High-Speed Rail: Wrong for Europe?

Sustainability advocate Kris De Decker argues that “high-speed trains are killing the European railway network.” A native of the Netherlands who currently lives in Spain, De Decker is irked that the replacement of conventional trains with high-speed trains has greatly increased the costs of rail travel, thus encouraging people to drive or fly.

De Decker offers numerous examples of routes where conventional trains were replaced by high-speed trains whose fares are much higher. In some cases, the high-speed trains really aren’t significantly faster than the conventional trains, yet typical fares might be three times as high.

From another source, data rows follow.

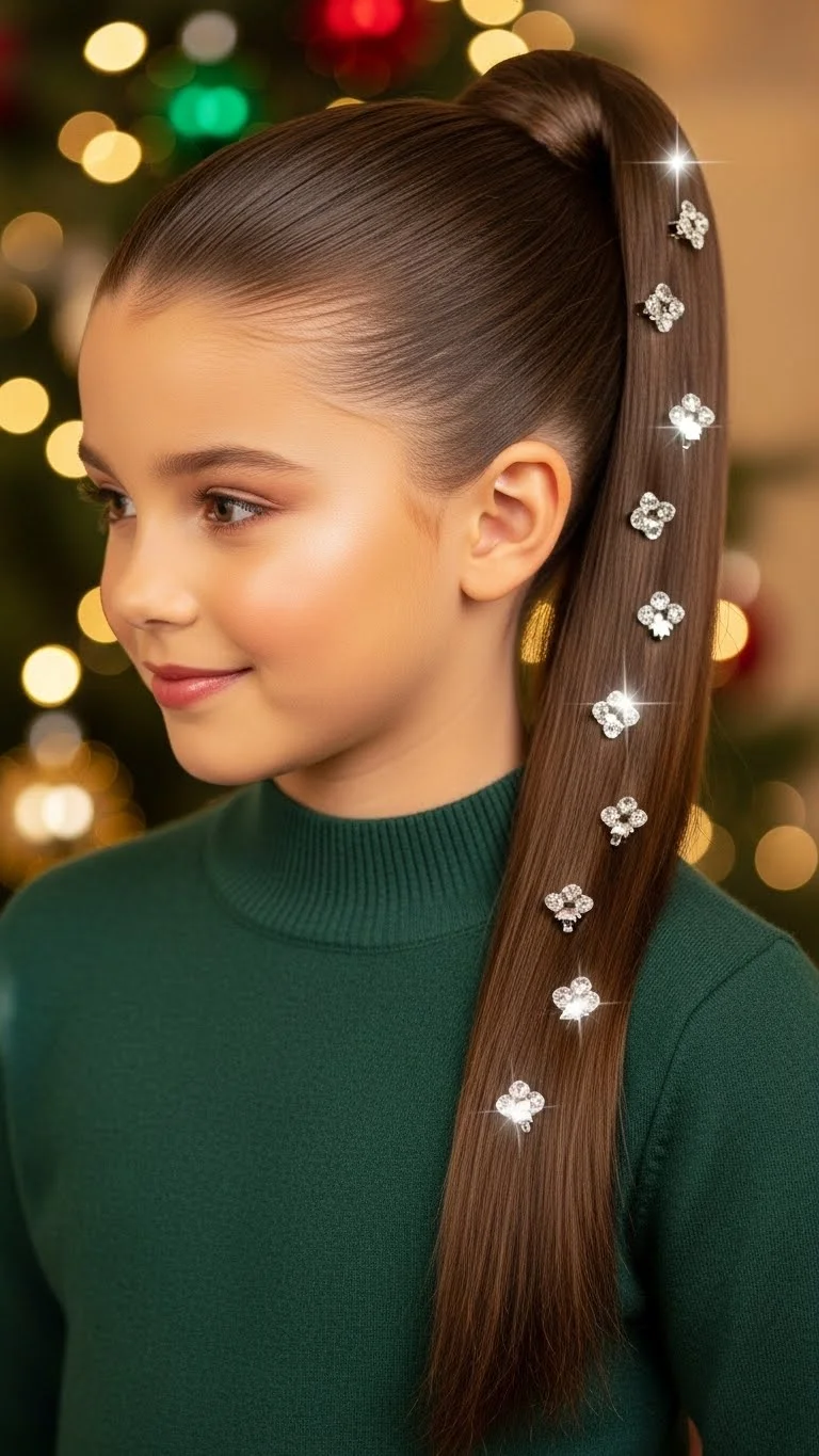 A winter sparkle pony shines under lights. Make a simple ponytail and place small crystal-style clips along the tail. Use lightweight ones so they don’t pull. This works with straight or wavy hair. You can also wrap a strand around the elastic for a cleaner finish. Budget-friendly clips from craft stores do the job well.
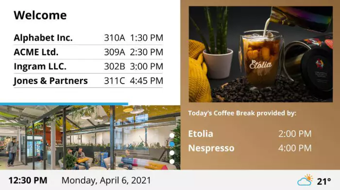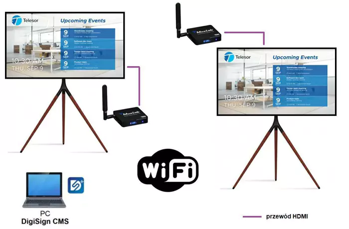 Na przygotowanych wcześniej szablonach łatwo można zmieniać treść komunikatów, plany sal czy harmonogramy aktualnych wydarzeń. Dzięki zastosowaniu odtwarzacza Digital Signage MuxLab 500799 na ekranie odtwarzana jest treść w rozdzielczości 4K i odświeżaniu 60 klatek na sekundę co zapewnia doskonałą jakość obrazu, nawet z bliskiej odległości. Połączenie odtwarzacza z siecią odbywa się przez wbudowany moduł Wi-Fi a ekran łatwo można przestawić w inne miejsce zapewniając tylko zasilanie.
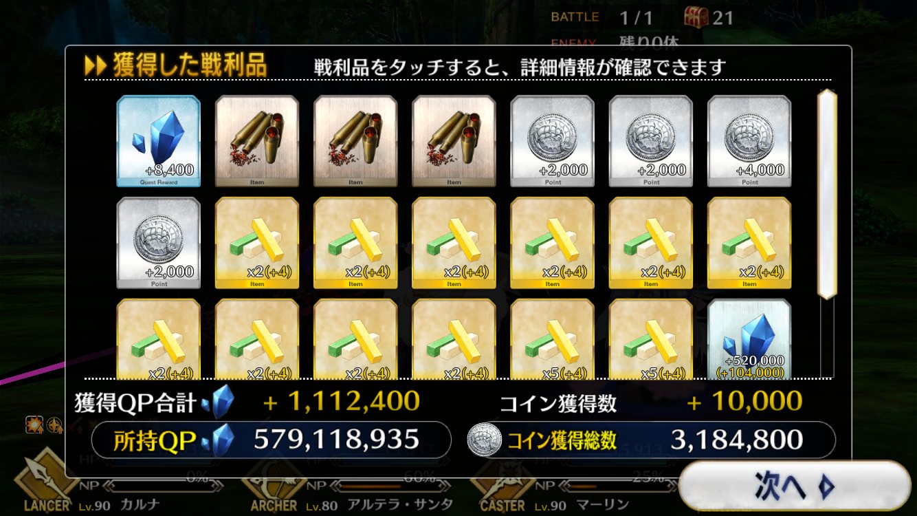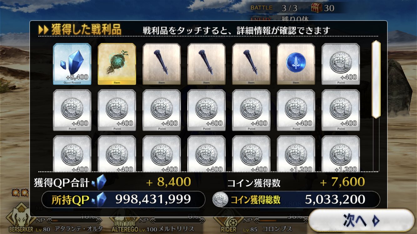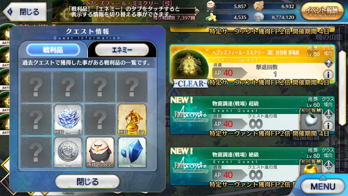 6日になったら終わるけどQP稼ぎのついでに素材狙いもできて結構個人的にはうまいって感想さすがに疲れたからゆっくりする
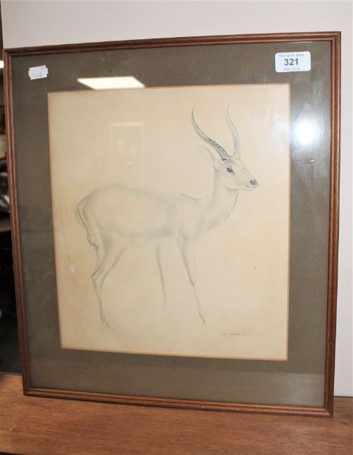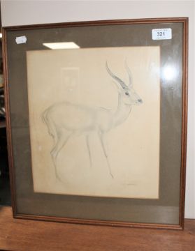 J. R. Skeaping, pencil and ink sketch of a Leechwee Antelope, signed
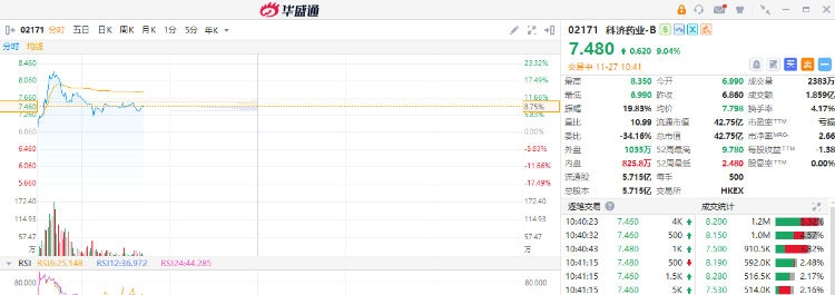 随着2024年国家医保药品目录公布临近,港股医药股多数走强。截至发稿,科济药业-B(02171.HK)、诺诚健华(09969.HK)、科伦博泰生物-B(06990.HK)、康诺亚-B(02162.HK)分别上涨9.04%、9.18%、4.66%、3.67%。
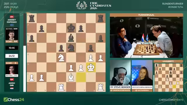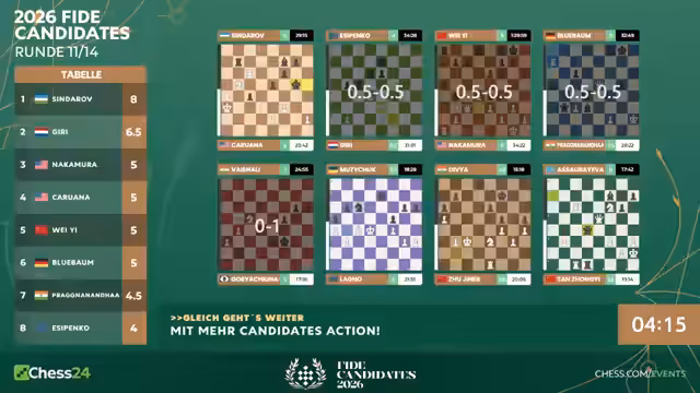 04:24:15Nach der Partie von Matthias bietet Prag Remis an, was angenommen wird. Die Kommentatoren wenden sich den anderen Partien zu und berichten, dass auch Giri gegen Easy Penko Remis gespielt hat. Das wichtigste Ergebnis kommt von Weishadi, die gewinnt und damit ihre Führung im Damenfeld aufrechterhält. Die Favorinnen Vaischali, Sujina und Anna Musischuk haben sich nun abgesetzt.

In other cases, daylight high-speed trains have replaced overnight trains that were slower but didn’t require any business time and cost less than the high-speed trains even with sleeping accommodations.

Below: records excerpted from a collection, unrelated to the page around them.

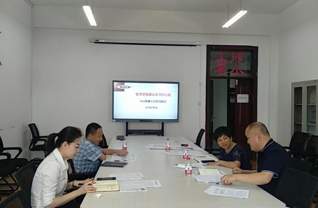 为进一步推进学院主题教育暨“工作落实年”活动见行见效,7月3日上午10时,哲学学院党总支召开理论学习中心组第十次专题学习会,全体与会人员就《习近平在文化传承发展座谈会上强调担负起新的文化使命努力建设中华民族现代文明》和《习近平在中共中央政治局第五次集体学习时强调加快建设教育强国为中华民族伟大复兴提供有力支撑》进行认真研读和讨论。会议由学院党总支书记孙美晖主持,学院理论中心组成员参加。
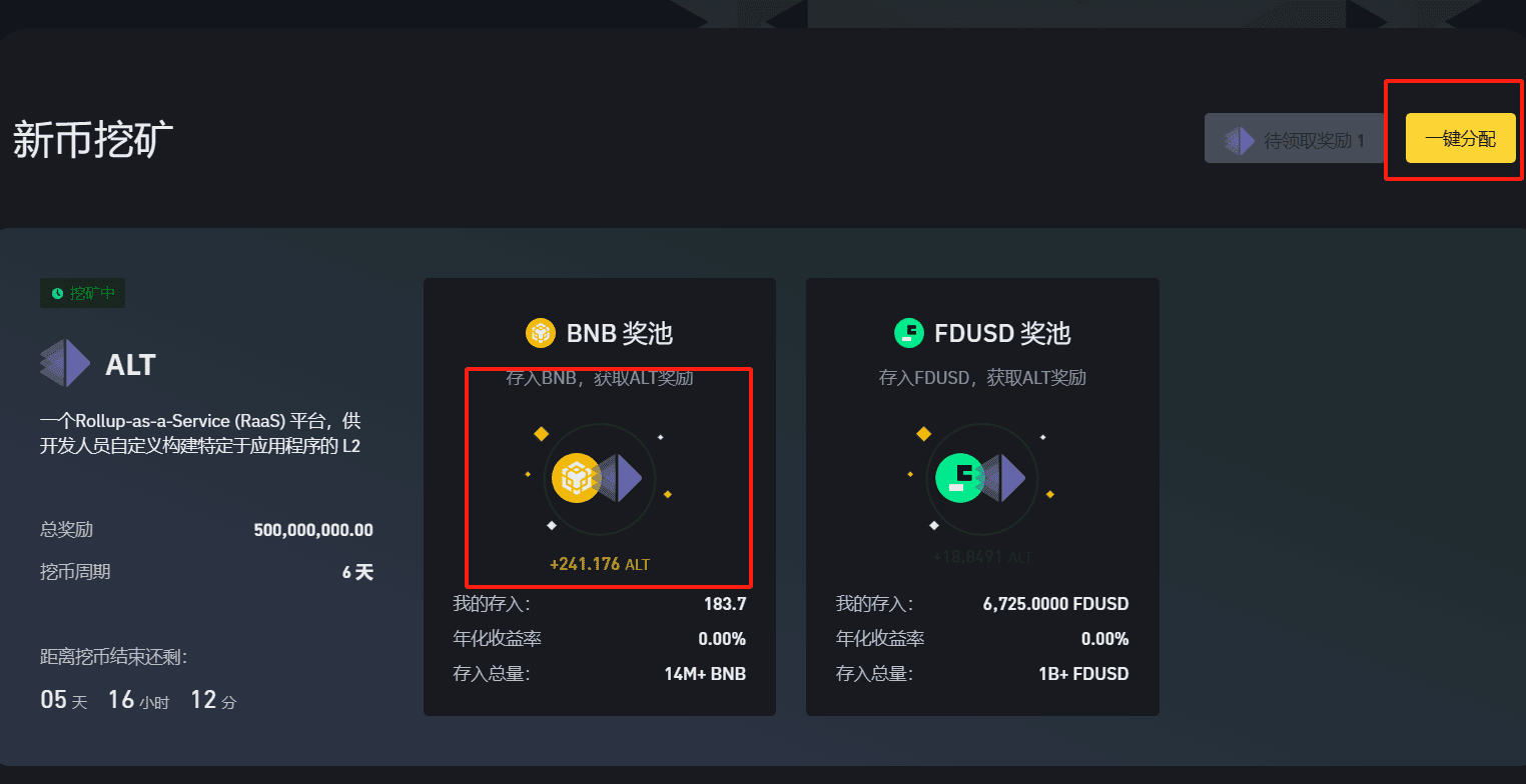 2.进入Launchpad后,可以选择一键分配,也可以直接点BNB或者FDUSD的矿池进入质押。
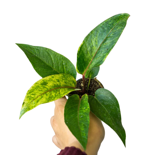 The Anthurium Renaissance Variegated is a rare and premium collector plant admired for its dramatic cream, yellow, and green variegation across bold tropical foliage. Each leaf showcases unique marbling patterns, making every plant one-of-a-kind and highly desirable among enthusiasts.

He also notes that low-cost air service is often far less expensive than the high-speed trains. “You can fly back and forth between Barcelona and Amsterdam with a low-cost airline for €100 if you book one to two weeks in advance, and for about €200 if you buy the ticket on the day of departure,” he says. “That’s compared to €580 for what the journey would cost you if you would take the high speed train.” He adds that, “Flying has become so cheap in Europe that it’s now cheaper to live in Barcelona and commute by plane each day, than to live and work in London.”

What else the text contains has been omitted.